ROC parameters for different negative control groups.
| Threshold with maximum specificity and sensitivity* | β error | α error | Threshold value for α = 0.05 | Discriminatory power (Area under ROC plot) | |
| Array 1 | 0.40 (+SSC) | 0.101 | 0.096 | 0.50 | 0.969 |
| 0.18 (-SSC) | 0.039 | 0.044 | 0.17 | 0.994 | |
| Array 2 | 0.25 (+SSC) | 0.089 | 0.099 | 0.33 | 0.984 |
| 0.09 (-SSC) | 0.015 | 0.019 | 0.06 | 0.999 |
SCC spots or spots with deposited DNA perform differently in ROC-analysis yielding different areas under the ROC curve as well as different thresholds with maximum specificity and sensitivity. The area under the ROC curve may be used as an indicator for microarray hybridization quality. *characterized by smallest α and β errors. Note that in this case the α error can be >0.05.

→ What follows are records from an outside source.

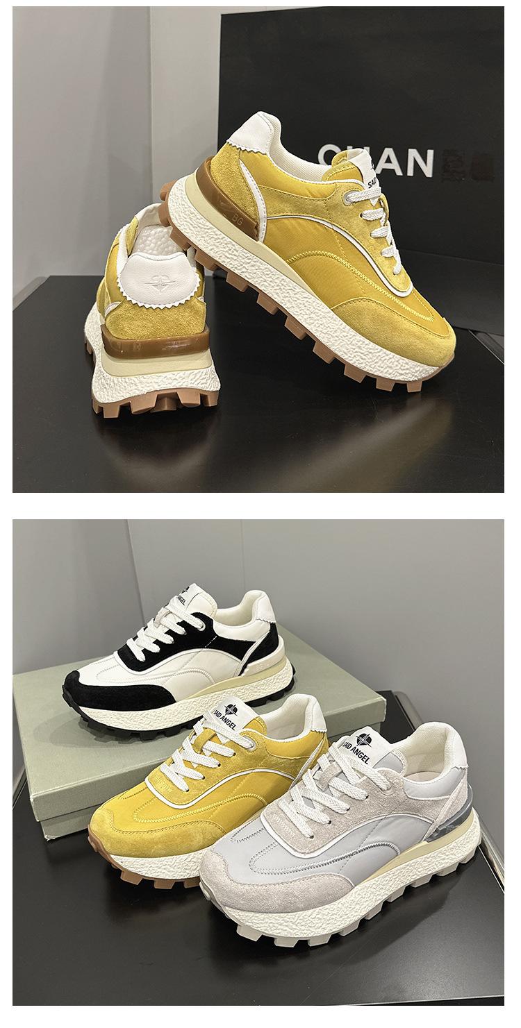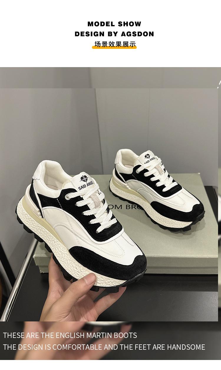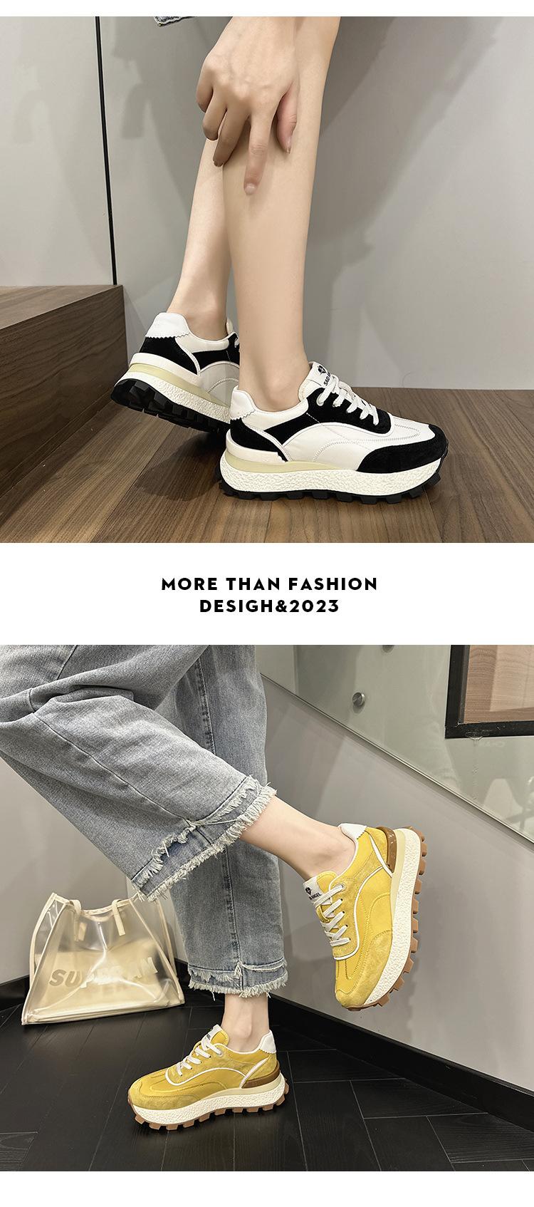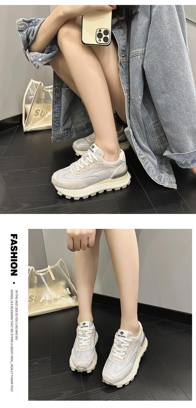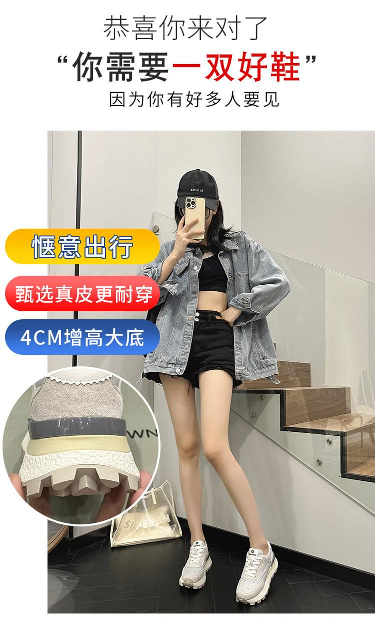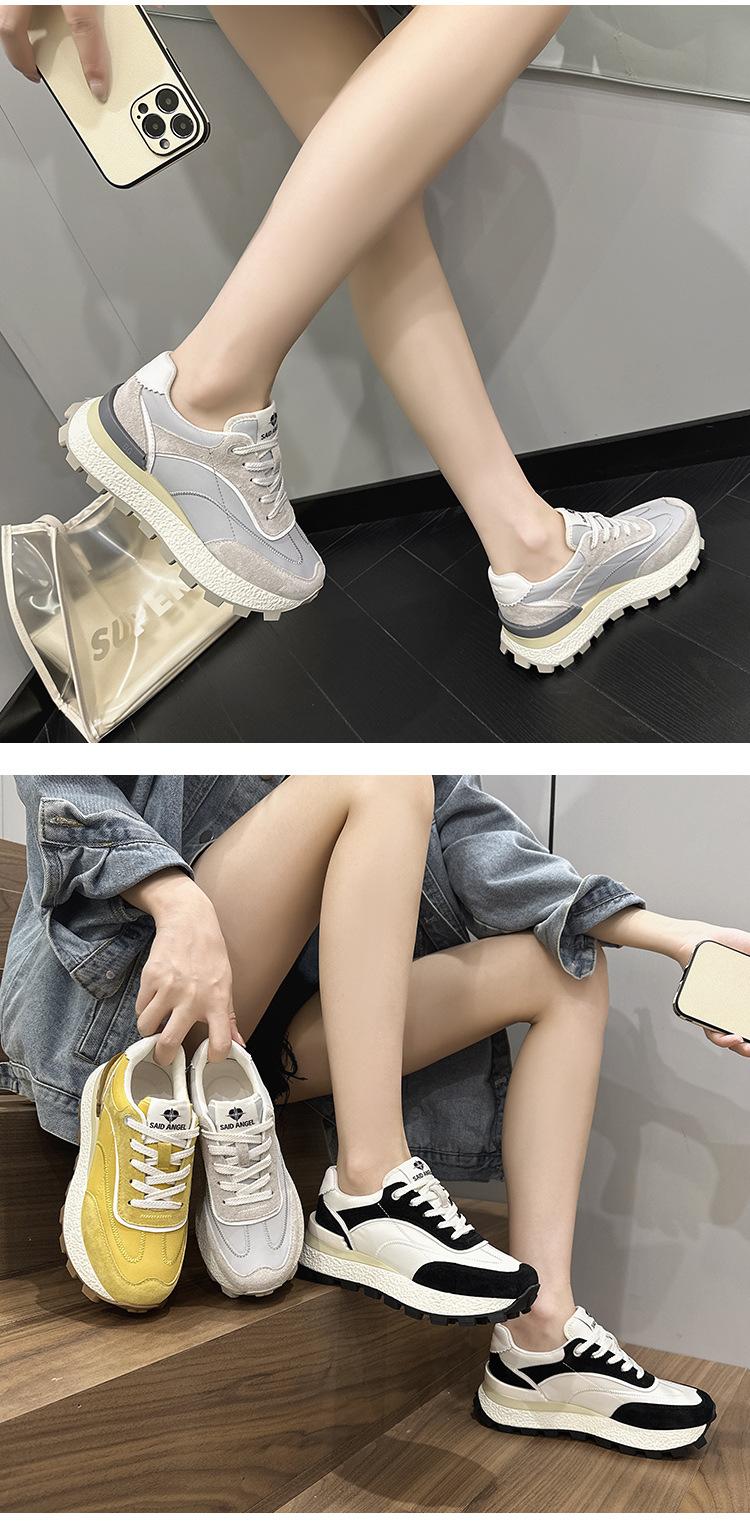Zapatos Waffle de Suela Gruesa para Mujer 2023 Estilo Verano Retro Versátil Cuero Genuino Pequeño Aumento de Altura Casual Deportes Zapatos de Papá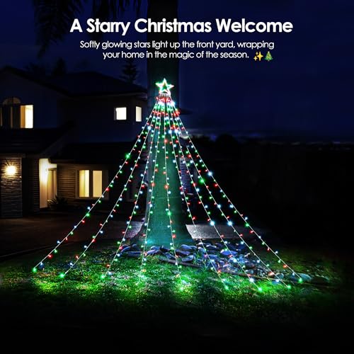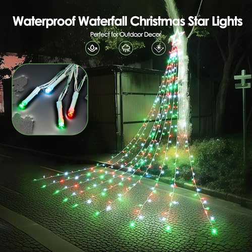 Stunning Waterfall Light Effect: Featuring a 12-inch shining star on top and 9 gracefully draped light strands, these Christmas lights create a stunning waterfall effect, transforming your home into a festive wonderland. Perfect for decorating trees, roof, walls, porches, and more!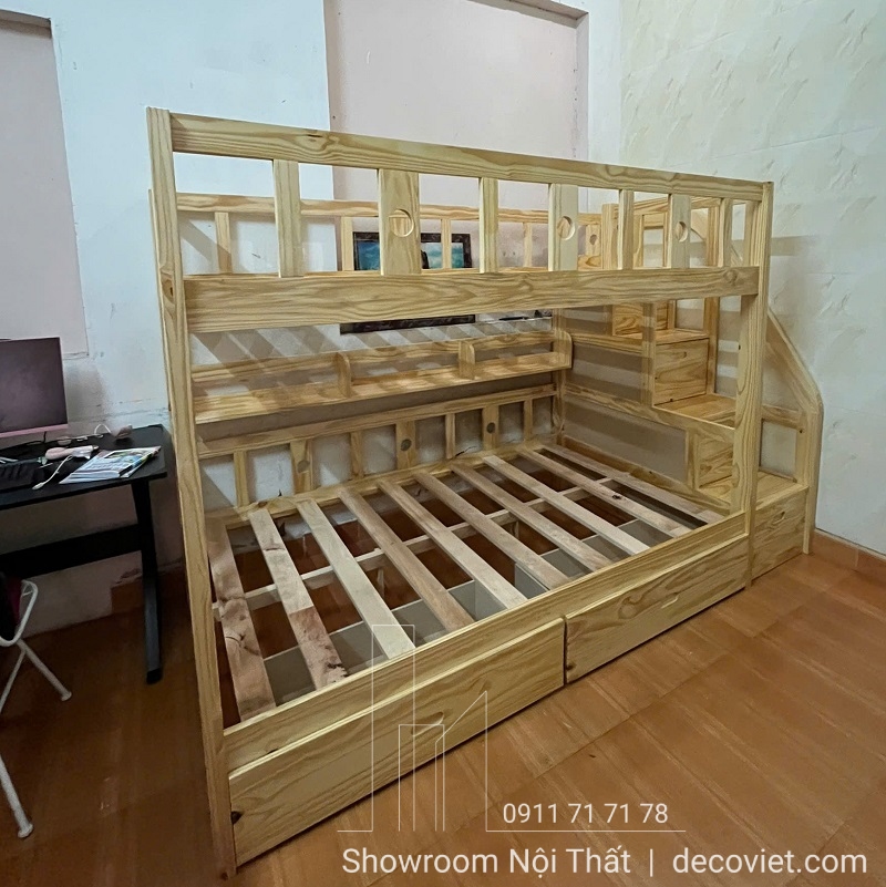Giường Tầng 437T được thiết kế đẹp với các họa tiết trang trí. Thiết kế tối ưu để tiết kiệm diện tích phòng ngủ, sử dụng cho cả trẻ em và người lớn. Ưu điểm lớn của loại giường này là rộng rãi, dùng cho 2-3 người cả trẻ em và người lớn với 2 giường, tầng trên rộng 1m4, tầng dưới rộng 1m. Phía dưới tầng 1 là các hộc kéo dùng để chứa đồ, cầu thang chắc chắn.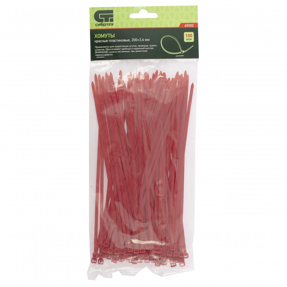 Красные пластиковые хомуты Сибртех 45502, 200 х 3,6 мм, 100 шт. в упаковке, используются для стяжки кабелей, закрепления трубок, шлангов, рекламных конструкций, а также для упаковки различных предметов. Пригодятся во время прокладки электрических и локальных вычислительных сетей, ремонта компьютерной техники, оформлении торговых стендов, комплектовании товара, будут также полезны дома, на даче и в гараже.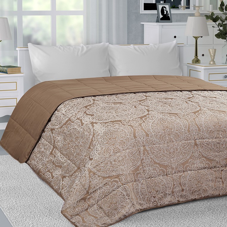 Покрывало 190х220см DE'NASTIA кружево Романтика 3слоя светло-коричневое жаккард 100% полиэстер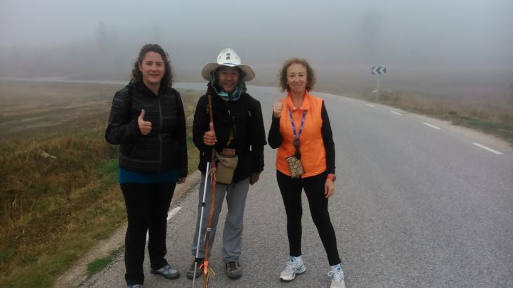 Polly nos dice que él, concretamente, llevaba tres meses de entrenamiento, antes de iniciar el viaje. Que ya lo hizo la vez anterior y que es una forma de prevenir lesiones. El primer mes, camina de 15 a 20 kilómetros diarios, el segundo, de 20 a 25, y el último, lo mismo, pero con mochila.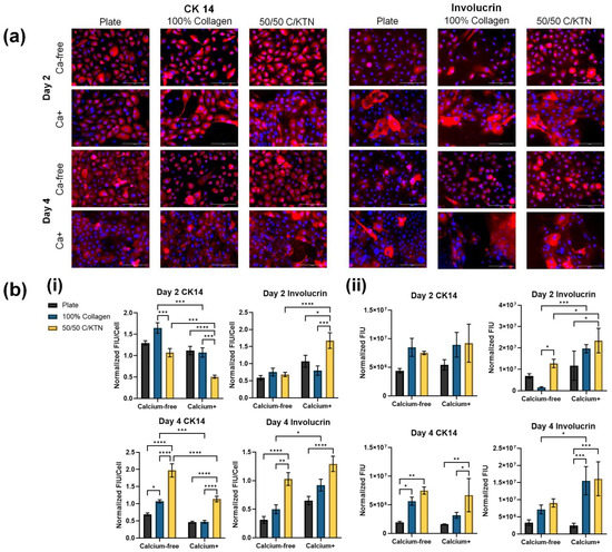 CK14 and involucrin staining and analysis of 2D monolayer samples. Keratinocytes seeded on the plate, 100% collagen hydrogels, and 50/50 C/KTN hydrogels were fixed, permeabilized, and stained for CK14 and involucrin at days 2 and post-calcium switch, with half of the samples still cultured in Ca-free medium (a). Images were analyzed (b) by CTCF of the marker (i) and the total fluorescence intensity per image (ii), which was normalized to the DAPI CTCF and the DAPI cell count, respectively. In general, CK14 was expressed significantly more in Ca-free samples when cells were analyzed individually. Involucrin expression was increased with Ca+ media with significantly higher involucrin expression observed with cells seeded on top of 50/50 C/KTN hydrogels. FIU/cell and total FIU is displayed as average ± SEM and SD, respectively. Two-way ANOVA was conducted with n = 3; * = p < 0.05, ** = p < 0.01, *** = p < 0.001, **** = p < 0.0001. Scale bar = 100 µm.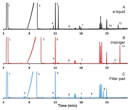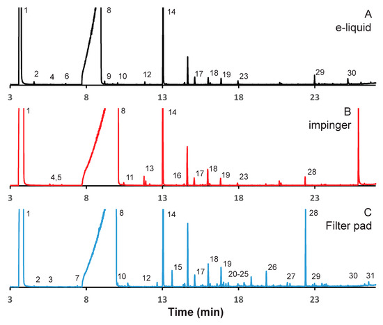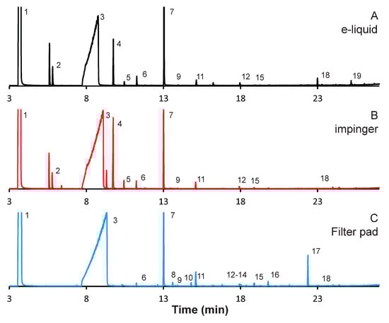 Gas chromatogram (GC) analysis of aerosol emissions resulting from mango flavored e-liquid using alternative captured methods. Emissions were collected from 100 puffs under realistic topography conditions. Chromatograms reflect (A) e-liquid diluted in methanol, and emissions collected: (B) with series impinger 1; and (C) on 10 Cambridge pads, with 10 puffs per pad.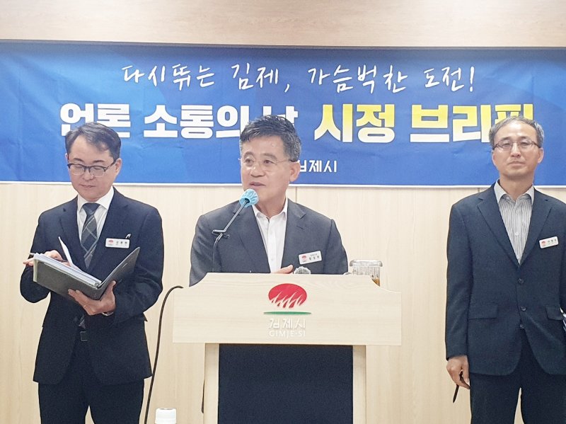 [김제=뉴시스]고석중 기자 = 전북특별자치도 정성주 김제시장이 7일 기자간담회에서 "해양수산부가 중앙항만정책심의회를 통해 새만금항 신항 지정안을 의결했다"면서 이는 "김제시의 항만권 독립 요구가 일정 부분 받아들여진 결과"라고 주장했다.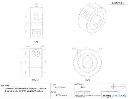 Climax Metal 1C-025 Steel One-Piece Clamping Collar, Black Oxide Plating, 1/4" Bore Size, 11/16" OD, With 4-40 x 3/8 Set Screw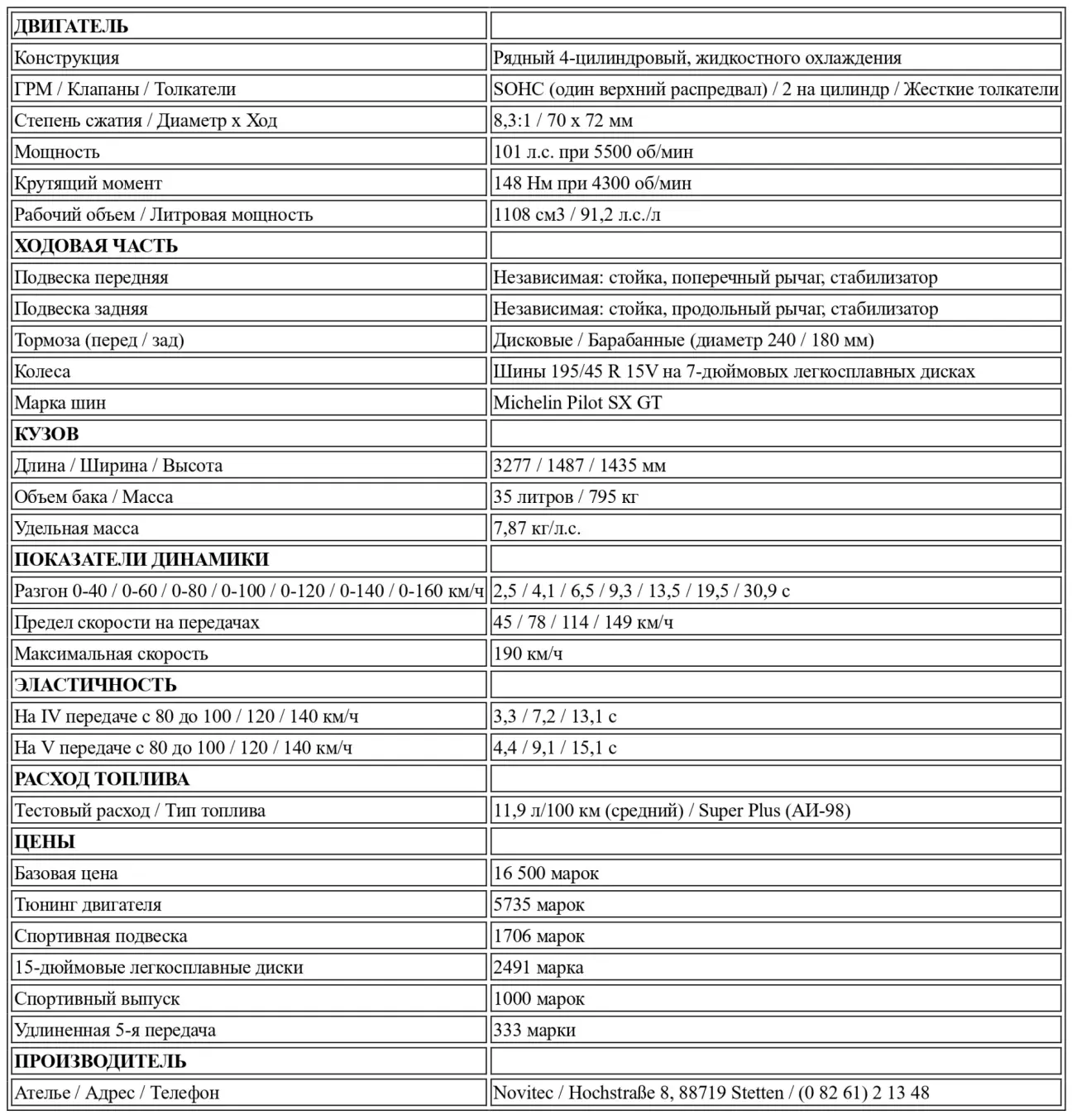 В обычном режиме Novitec расходует 11,9 литра бензина Super Plus на сто километров. При активной же езде система впрыска от Novitec порой прогоняет через впускные клапаны до 15 литров. Впрочем, кто покупает такую маленькую ракету, чтобы ездить медленно? Как-никак на автобане Novitec достигает максимальной скорости 190 км/ч. При этом стрелка тахометра бодро пляшет в красной зоне. Шестиступенчатая коробка передач с более «длинными» числами должна в скором времени исправить ситуацию.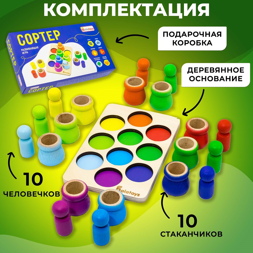 Сортер деревянный выполнен таким образом, что каждый стаканчик имеет свой уникальный оттенок. Это позволит малышу легко проводить сортировку и одновременно изучать их цвета.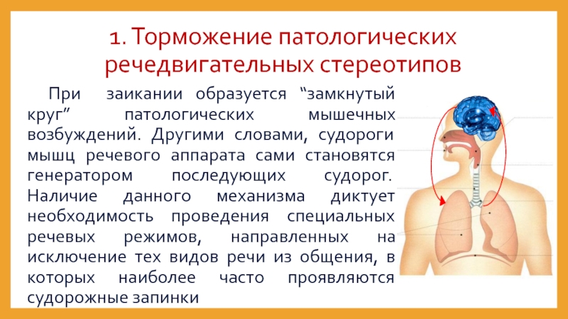 Слайд 41. Торможение патологических речедвигательных стереотипов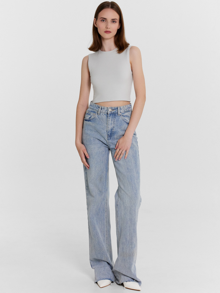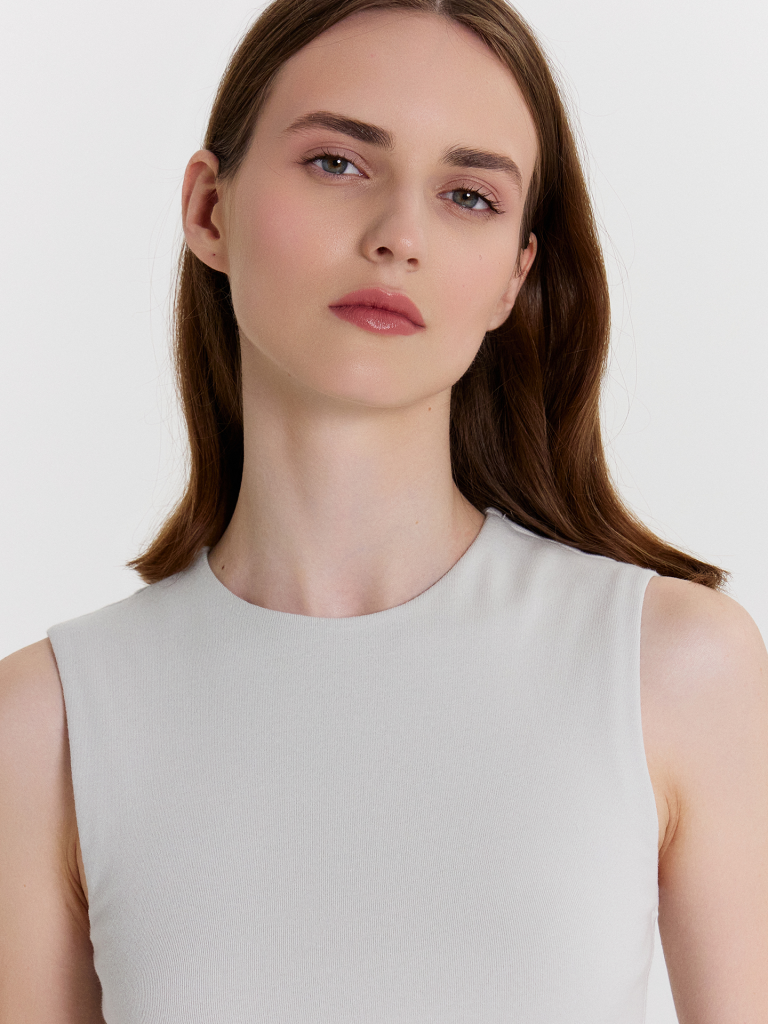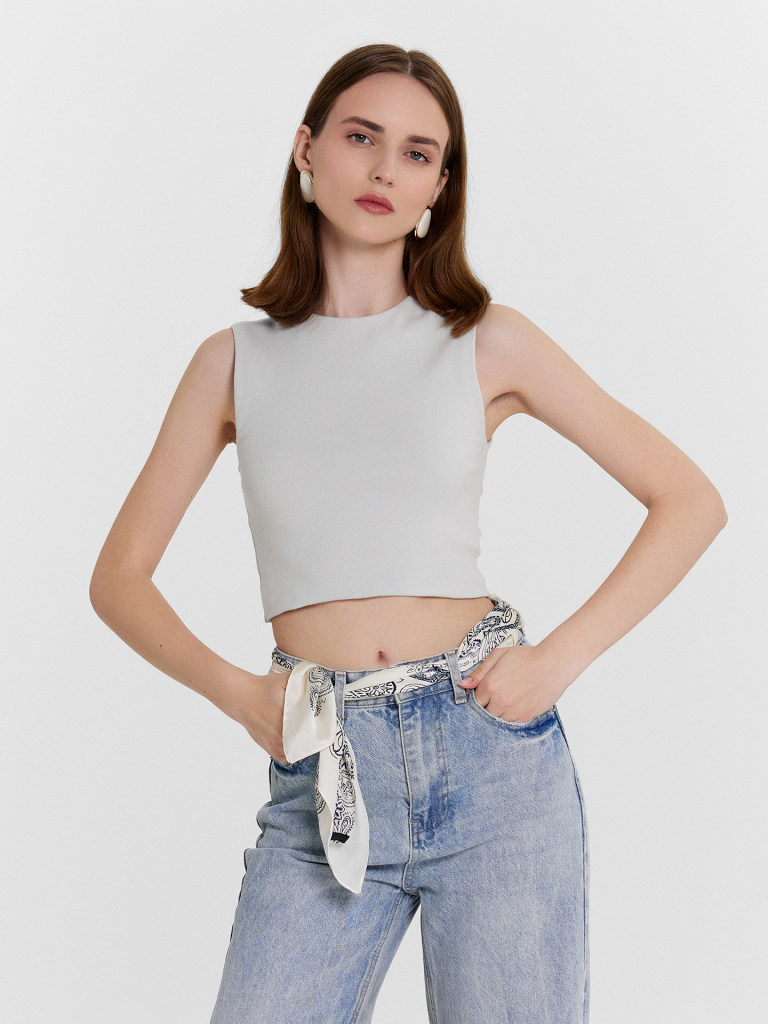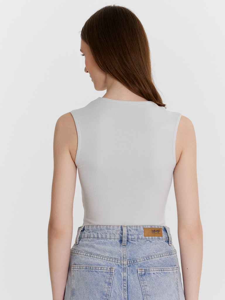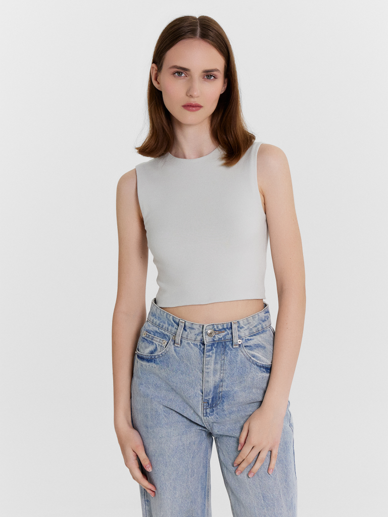 Топ женский прилегающего силуэта из трикотажного полотна рибана. Горловина круглой формы.

Analysis of fluorescence ratios of genes known to be involved in cancer invasion.
| Gene | Invasive signal | Non-invasive signal | Ratio | Confidence category | |||
| Array 1 | Array 2 | Array 1 | Array 2 | Array 1 | Array 2 | ||
| TIMP-1 | 1.70 | 0.92 | 0.25 | 0.30 | 6.9 | 3.1 | A |
| TIMP-2 | 0.63 | 0.25 | 0.24 | 0.70 | 2.5 | 0.4 | |
| MMP-9 | 4.16 | 2.22 | 1.70 | 1.01 | 2.5 | 2.2 | |
| Ln-5, γ2 | 1.27 | 1.22 | 0.06 | 0.03 | 22.5 | 35.5 | B |
| Integrin α3 | 0.24 | 0.16 | 0.12 | 0.06 | 2.0 | 2.8 | |
| Ln-5, β3 | 0.15 | 0.06 | 0.09 | 0.04 | 1.9 | 1.6 | C |
Ratios were qualitatively assigned to confidence categories according to their level of expression. All ratios met p < 0.05. TM was 0.18 for array 1 and 0.09 for array 2.